WHAT IS EXPECTED
After finding the line with "Ines Pantoletten für" in the entries below, retype exactly each line from there through the line with "Classic blue denim", including that final line.

DATA EXCERPTS

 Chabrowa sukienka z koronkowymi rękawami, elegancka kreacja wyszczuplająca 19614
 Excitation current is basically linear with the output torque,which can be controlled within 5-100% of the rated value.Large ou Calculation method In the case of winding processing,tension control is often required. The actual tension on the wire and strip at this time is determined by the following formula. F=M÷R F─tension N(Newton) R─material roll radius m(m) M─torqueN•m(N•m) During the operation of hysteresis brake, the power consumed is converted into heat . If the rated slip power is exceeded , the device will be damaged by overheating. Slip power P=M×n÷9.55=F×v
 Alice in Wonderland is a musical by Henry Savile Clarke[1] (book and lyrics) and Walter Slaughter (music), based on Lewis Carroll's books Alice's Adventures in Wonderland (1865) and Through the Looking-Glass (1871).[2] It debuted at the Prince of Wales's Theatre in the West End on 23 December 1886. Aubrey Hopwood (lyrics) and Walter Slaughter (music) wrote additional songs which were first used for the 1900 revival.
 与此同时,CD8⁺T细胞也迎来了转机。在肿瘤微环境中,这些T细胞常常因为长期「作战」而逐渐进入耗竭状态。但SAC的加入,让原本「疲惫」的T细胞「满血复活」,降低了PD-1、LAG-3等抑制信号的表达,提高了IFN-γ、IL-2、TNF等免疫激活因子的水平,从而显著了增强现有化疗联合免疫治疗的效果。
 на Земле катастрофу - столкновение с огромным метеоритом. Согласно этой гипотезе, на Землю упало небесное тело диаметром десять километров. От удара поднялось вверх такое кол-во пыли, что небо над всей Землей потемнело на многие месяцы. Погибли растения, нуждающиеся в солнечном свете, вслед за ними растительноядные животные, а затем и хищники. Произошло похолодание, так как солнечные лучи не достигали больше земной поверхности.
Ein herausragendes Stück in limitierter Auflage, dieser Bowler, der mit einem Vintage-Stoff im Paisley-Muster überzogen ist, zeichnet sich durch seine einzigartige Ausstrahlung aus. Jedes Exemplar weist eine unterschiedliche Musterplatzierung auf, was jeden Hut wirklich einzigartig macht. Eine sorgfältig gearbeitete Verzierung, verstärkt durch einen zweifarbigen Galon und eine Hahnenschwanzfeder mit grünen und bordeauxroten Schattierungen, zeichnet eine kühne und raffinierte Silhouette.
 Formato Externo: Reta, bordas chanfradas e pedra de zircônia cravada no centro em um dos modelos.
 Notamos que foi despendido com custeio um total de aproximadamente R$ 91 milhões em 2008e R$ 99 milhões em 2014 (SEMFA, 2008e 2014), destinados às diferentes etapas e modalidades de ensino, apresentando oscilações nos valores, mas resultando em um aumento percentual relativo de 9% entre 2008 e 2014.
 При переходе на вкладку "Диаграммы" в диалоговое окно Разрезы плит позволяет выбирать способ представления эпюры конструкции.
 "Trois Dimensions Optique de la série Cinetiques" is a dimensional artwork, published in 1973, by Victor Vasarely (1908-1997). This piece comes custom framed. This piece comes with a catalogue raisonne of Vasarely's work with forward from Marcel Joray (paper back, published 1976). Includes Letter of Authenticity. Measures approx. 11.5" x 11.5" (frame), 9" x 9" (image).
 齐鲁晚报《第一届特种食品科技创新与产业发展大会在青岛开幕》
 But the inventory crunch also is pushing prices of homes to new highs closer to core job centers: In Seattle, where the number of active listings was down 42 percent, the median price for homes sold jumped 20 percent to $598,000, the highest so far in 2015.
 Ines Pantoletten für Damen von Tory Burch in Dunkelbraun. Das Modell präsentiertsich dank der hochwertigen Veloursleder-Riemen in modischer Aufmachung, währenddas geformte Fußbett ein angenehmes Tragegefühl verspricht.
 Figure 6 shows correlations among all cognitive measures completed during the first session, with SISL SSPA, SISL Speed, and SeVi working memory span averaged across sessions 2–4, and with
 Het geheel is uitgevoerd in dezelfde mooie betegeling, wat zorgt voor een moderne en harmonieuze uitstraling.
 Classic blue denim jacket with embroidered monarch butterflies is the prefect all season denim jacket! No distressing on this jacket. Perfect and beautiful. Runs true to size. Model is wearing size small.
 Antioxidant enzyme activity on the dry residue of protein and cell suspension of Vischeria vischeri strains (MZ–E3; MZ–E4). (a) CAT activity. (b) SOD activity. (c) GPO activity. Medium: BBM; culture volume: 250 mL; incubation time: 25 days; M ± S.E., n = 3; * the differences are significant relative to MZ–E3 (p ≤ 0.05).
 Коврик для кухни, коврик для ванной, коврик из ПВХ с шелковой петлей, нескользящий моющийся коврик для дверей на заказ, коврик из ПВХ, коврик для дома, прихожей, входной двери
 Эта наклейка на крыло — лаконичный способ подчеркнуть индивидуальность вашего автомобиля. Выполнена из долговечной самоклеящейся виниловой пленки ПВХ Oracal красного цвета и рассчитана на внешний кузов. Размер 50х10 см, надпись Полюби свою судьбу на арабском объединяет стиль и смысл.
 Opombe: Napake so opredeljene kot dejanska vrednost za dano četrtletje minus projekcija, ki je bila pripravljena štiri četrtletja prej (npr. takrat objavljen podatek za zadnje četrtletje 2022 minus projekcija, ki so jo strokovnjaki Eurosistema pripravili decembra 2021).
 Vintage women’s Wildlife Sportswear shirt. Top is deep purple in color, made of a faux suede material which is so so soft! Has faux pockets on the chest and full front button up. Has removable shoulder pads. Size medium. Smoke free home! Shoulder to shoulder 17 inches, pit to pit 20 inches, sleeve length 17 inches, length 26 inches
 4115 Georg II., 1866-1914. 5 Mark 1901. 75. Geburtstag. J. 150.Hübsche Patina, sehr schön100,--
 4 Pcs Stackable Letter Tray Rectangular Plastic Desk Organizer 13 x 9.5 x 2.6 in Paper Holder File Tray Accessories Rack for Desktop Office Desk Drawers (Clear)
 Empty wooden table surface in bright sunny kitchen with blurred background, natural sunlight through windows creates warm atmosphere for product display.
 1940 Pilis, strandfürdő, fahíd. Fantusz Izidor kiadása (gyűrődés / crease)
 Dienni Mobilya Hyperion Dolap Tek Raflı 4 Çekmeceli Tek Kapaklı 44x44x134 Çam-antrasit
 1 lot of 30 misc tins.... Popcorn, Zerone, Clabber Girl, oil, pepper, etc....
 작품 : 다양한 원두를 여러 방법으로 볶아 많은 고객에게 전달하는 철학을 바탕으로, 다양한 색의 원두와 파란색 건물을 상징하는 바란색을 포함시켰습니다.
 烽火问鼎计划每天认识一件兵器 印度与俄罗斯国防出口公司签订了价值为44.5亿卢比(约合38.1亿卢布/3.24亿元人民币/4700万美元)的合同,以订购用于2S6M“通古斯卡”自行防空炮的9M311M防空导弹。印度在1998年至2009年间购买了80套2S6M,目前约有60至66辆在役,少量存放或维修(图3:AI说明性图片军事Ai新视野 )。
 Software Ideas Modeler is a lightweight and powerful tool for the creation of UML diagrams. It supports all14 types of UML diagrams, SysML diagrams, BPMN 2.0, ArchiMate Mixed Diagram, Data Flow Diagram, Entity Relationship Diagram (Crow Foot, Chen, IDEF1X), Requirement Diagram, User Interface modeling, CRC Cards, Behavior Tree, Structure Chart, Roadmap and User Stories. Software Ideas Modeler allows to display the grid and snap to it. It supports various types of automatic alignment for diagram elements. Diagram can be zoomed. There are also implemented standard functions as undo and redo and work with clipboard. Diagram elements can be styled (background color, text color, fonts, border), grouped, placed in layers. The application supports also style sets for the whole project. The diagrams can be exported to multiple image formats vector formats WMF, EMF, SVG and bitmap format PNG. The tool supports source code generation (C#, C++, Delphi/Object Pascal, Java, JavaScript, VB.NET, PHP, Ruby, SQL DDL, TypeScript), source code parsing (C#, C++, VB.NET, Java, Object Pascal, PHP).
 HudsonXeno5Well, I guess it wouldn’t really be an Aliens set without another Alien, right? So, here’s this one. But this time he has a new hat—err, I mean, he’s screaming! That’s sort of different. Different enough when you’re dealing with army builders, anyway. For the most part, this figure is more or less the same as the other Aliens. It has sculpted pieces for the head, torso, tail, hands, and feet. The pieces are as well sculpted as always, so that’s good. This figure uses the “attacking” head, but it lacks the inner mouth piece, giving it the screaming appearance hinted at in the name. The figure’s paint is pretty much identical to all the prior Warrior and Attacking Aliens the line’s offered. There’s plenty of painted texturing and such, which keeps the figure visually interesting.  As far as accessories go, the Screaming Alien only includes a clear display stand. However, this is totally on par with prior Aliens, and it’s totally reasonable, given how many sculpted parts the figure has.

SOLVED PROBLEM
 Ines Pantoletten für Damen von Tory Burch in Dunkelbraun. Das Modell präsentiertsich dank der hochwertigen Veloursleder-Riemen in modischer Aufmachung, währenddas geformte Fußbett ein angenehmes Tragegefühl verspricht.
 Figure 6 shows correlations among all cognitive measures completed during the first session, with SISL SSPA, SISL Speed, and SeVi working memory span averaged across sessions 2–4, and with
 Het geheel is uitgevoerd in dezelfde mooie betegeling, wat zorgt voor een moderne en harmonieuze uitstraling.
 Classic blue denim jacket with embroidered monarch butterflies is the prefect all season denim jacket! No distressing on this jacket. Perfect and beautiful. Runs true to size. Model is wearing size small.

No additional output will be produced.